Pretty much all done ... 3 yards of gravel, put in electric and water, lights, etc


----------



## ab canuck (Feb 16, 2017)

That's a nice set up, Looks good, Now we need some Q-view 
	

	
	
		
		



		
		
	


	





.


----------



## JckDanls 07 (Feb 16, 2017)

Jeff..  nice looking place to hang out ...  I'll have to stop by and have a beer and a rib and see it in color...   :biggrin:


----------



## b-one (Feb 16, 2017)

Looks great!


----------



## griz400 (Apr 2, 2017)

Here is new sign i bought from ritchierich from the forum here.


----------



## JckDanls 07 (Apr 2, 2017)

griz400 said:


> Here is new sign i bought from ritchierich from the forum here.[ATTACHMENT=3282]IMG_0161.JPG (2,890k. JPG file)[/ATTACHMENT]



not seeing it....  it's a download and most people won't load it...


----------



## griz400 (Apr 2, 2017)

IMG_0160.JPG



__ griz400
__ Jun 17, 2017


----------



## griz400 (Apr 3, 2017)

figured out the picture posting


----------



## amlong88 (Apr 4, 2017)

I like it!


----------



## griz400 (May 13, 2017)

Now the whole space is getting filled up, We got back in the states last month, wife added her space to our bbq area ... 













IMG_0178.JPG



__ griz400
__ May 13, 2017


















IMG_0179.JPG



__ griz400
__ May 13, 2017






Happy wife, happy life.............. i am sure you all know the expression


----------



## grillmonkey (May 13, 2017)

Great looking hangout.
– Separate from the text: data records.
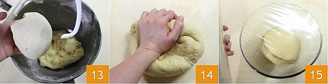 Fügen Sie dem Teig nun den Vorteig 13 stückweise hinzu und kneten Sie weiter mit dem Knethaken, bis der Vorteig vollständig eingearbeitet ist. Geben Sie den Teig auf eine bemehlte Arbeitsfläche und bearbeiten Sie ihn 14, bis er eine glatte und homogene Kugel bildet. Legen Sie den Teig in eine Schüssel und decken Sie ihn mit Frischhaltefolie ab 15; lassen Sie ihn im ausgeschalteten Ofen bei eingeschaltetem Licht 2 Stunden gehen.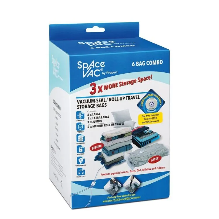 Crafted from a water proof and durable multi layer polymer, this versatile Space Vac Combo Bag x 6 will keep you clothes, bed linen, and more safe, secure, and organised. It includes 1 jumbo, 2 large, 1 extra-large and 2 travel sized bags, designed to compress, protect and organise a wide range of household objects. Designed to be compatible with 99% of vacuums, letting you compress, protect and organise with ease.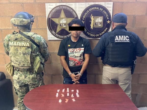 En la avenida Oaxaca de la colonia Sonora, se realizó la detención de Salvador Ponce López, de 37 años, quien portaba entre sus ropas 13 envoltorios conteniendo cristal, esto durante una acción de prevención en vías públicas del municipio.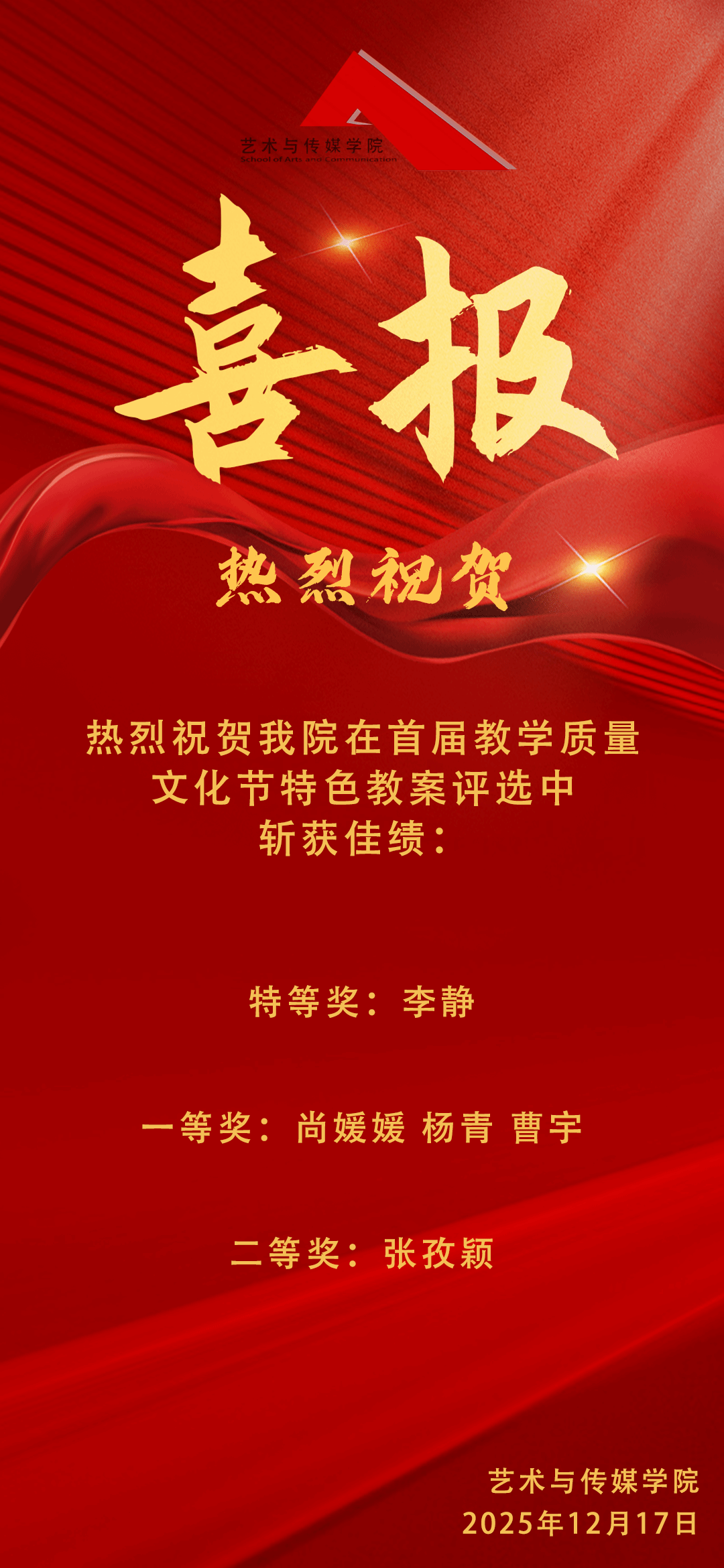 喜报 | 热烈祝贺艺术与传媒学院在首届教学质量文化节特色教案评选中斩获佳绩!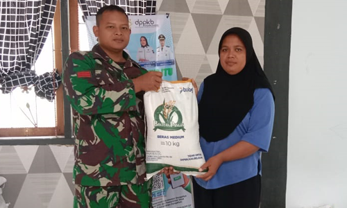 Kopda Bihanam Dampingi Penyaluran Beras Bulog untuk Warga Desa Isimu Utara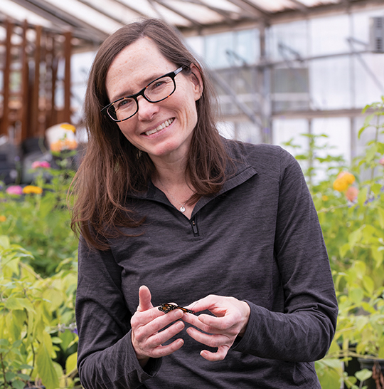 Kristen Baum ’94 knows just how special the monarch butterfly is, having dedicated her career to researching the insect and its migration patterns, and supporting pollinator conservation efforts. In November 2023, Baum was hired as the new director of Monarch Watch, an international program based at the University of Kansas (KU) that focuses on the conservation and study of monarch butterflies. The program started with a small monarch tagging project in 1992 and expanded from concentrating on research and outreach into international conservation efforts.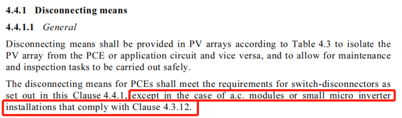 根據(jù)AS/NZS 5033:2014標(biāo)準(zhǔn)中提到:對非交流組件或小型微型逆變器安裝的系統(tǒng)而言,組件和逆變器之間需要安裝斷開裝置;對交流組件或小型微型逆變器安裝的系統(tǒng)則不需要安裝直流側(cè)斷開裝置。
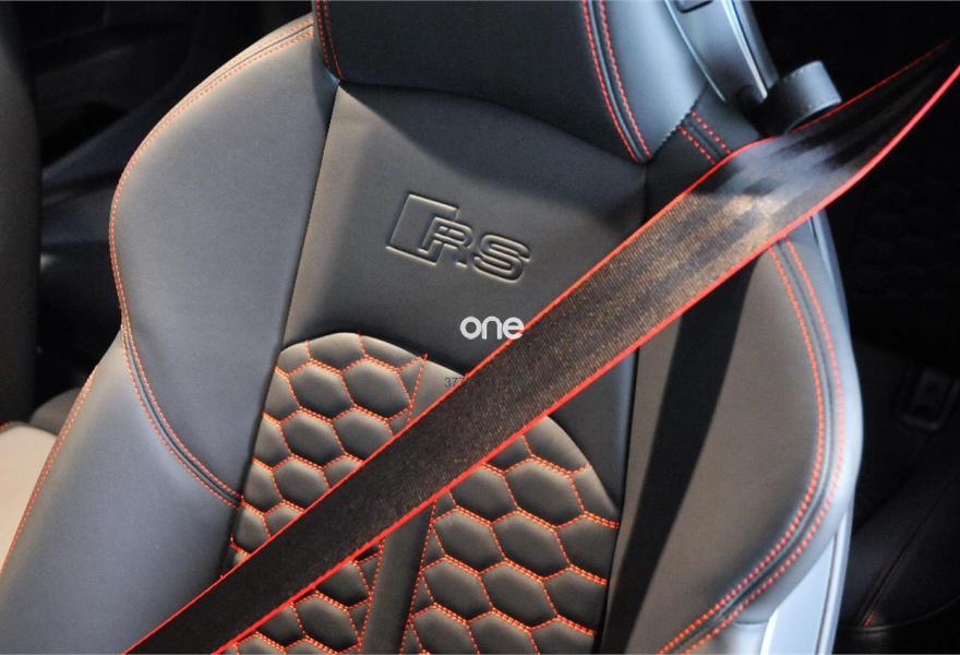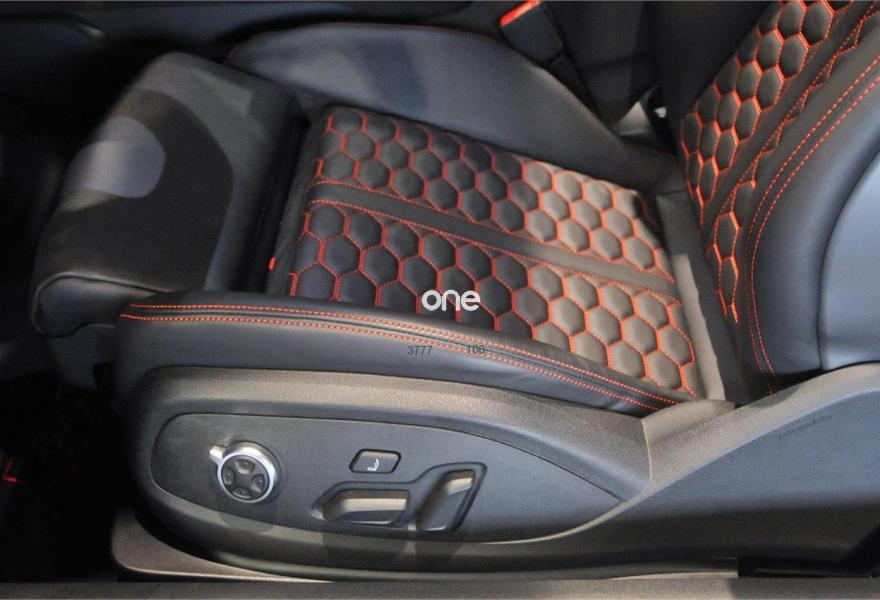 Tapicería en cuero napa fina con diseño panal y costuras en rojo
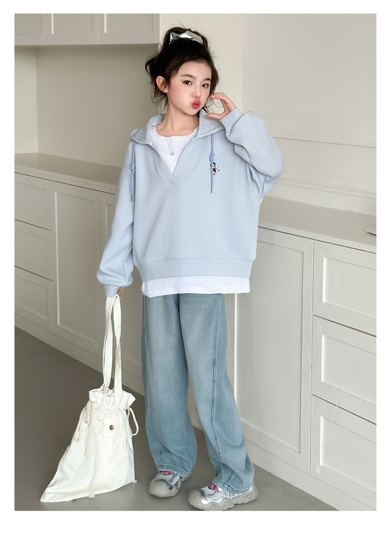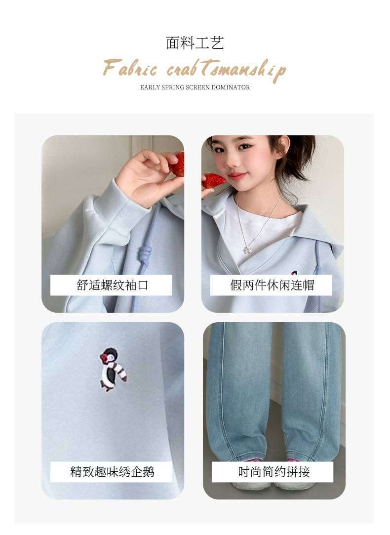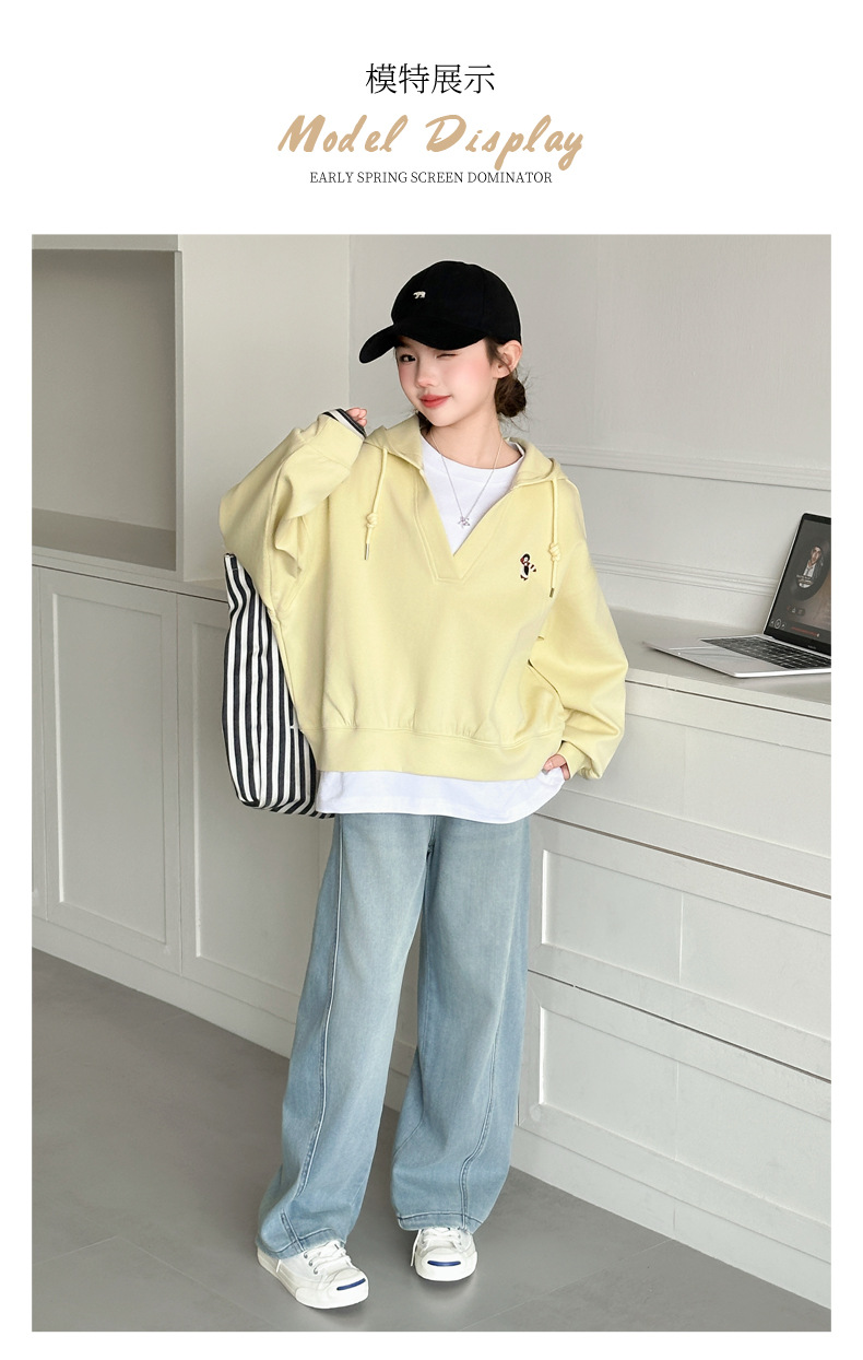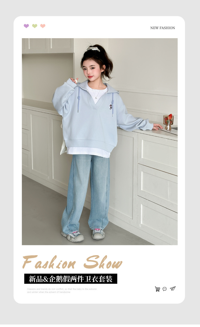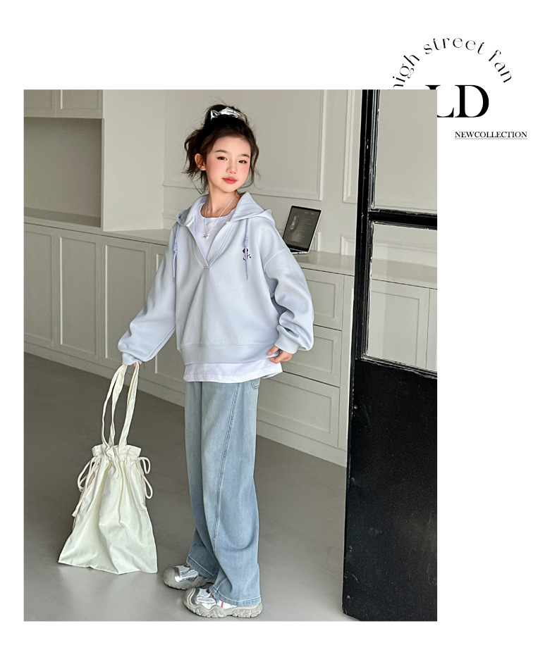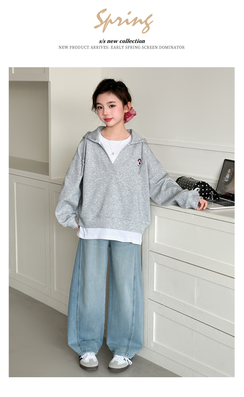 소녀의 봄과 가을 스웨트 셔츠 세트 2025 새로운 서양식 큰 어린이 봄 한국 최고의 어린이 청바지 투피스 세트스토어 가기

I could imagine myself sitting on the bench enjoying the Gulf breeze, smelling meat and smoke, and sipping on a cold beer. Worth points for helping me paint that mental picture.


----------



## griz400 (Jun 17, 2017)

Got another addition for fathers day . ...













IMG_0284.JPG



__ griz400
__ Jun 17, 2017






We pick up signs from everywhere seems like ... this was from Bass Pro


----------



## GaryHibbert (Jun 17, 2017)

That's a very good looking back yard you got there Jeff.  Pretty much you could want Gary


----------



## griz400 (Jun 17, 2017)

Thanx man, this is like our weekend hangout,and usually a couple a nights through the week as well, we also have a fire pit a few steps past the shed on the side, next to the canal out back


----------



## smokinbill1638 (Jun 19, 2017)

Great place!  Love the use of the carport cover.  I made my area from pallets, built trusses and put a metal roof on.  I like your idea much better.  Wife wants to move but I've been holding back with knowing I can't take smoking area.  Your way is so much easier and better and more economical.  Thanks for sharing


----------



## griz400 (Jun 20, 2017)

We found a company to build it 18 wide by 15 long, standard carports are 18 by 21, they were here and installed it 1 1/2 hrs,, 800.00

Was going to build out of wood and shingles to match home, but, was going to be around 1500.00 and I would have had to do the work ....


----------



## brent b (Jun 20, 2017)

Wow that's a really nice set up. Bet the neighbors are jealous


----------



## smokinbill1638 (Jun 21, 2017)

I had the blocks for the base, got pallets for free, building the trusses and metal roof was still about 550 and then the paint to protect it.  I showed the wife last night and she said she loved the landscape and the fire pit.  I agree.  Thanks for sharing!


----------



## smokinfun (Jul 9, 2017)

That's an awesome grill area, nice work for sure! Hopefully you have a small beer frig close by!


----------



## griz400 (Jul 30, 2017)

Wife bought me a new sign .... open neon ... lol 













IMG_0440.JPG



__ griz400
__ Jul 30, 2017






35th anniversary tomorrow


----------



## JckDanls 07 (Jul 30, 2017)

griz400 said:


> Wife bought me a new sign .... open neon ... lol
> 
> 
> 
> ...



NICE ...  Genny beer sign on the left ???


----------



## xray (Jul 30, 2017)

I'll take a Genny. Cream ale if you have it. Nice setup!


----------



## griz400 (Jul 30, 2017)

Thanx Xray, we have been working on this for a couple of years, actually its raining right now ... and we are dry ...


----------



## Rings Я Us (Jul 30, 2017)

How are the poles in the ground? Cement  in holes?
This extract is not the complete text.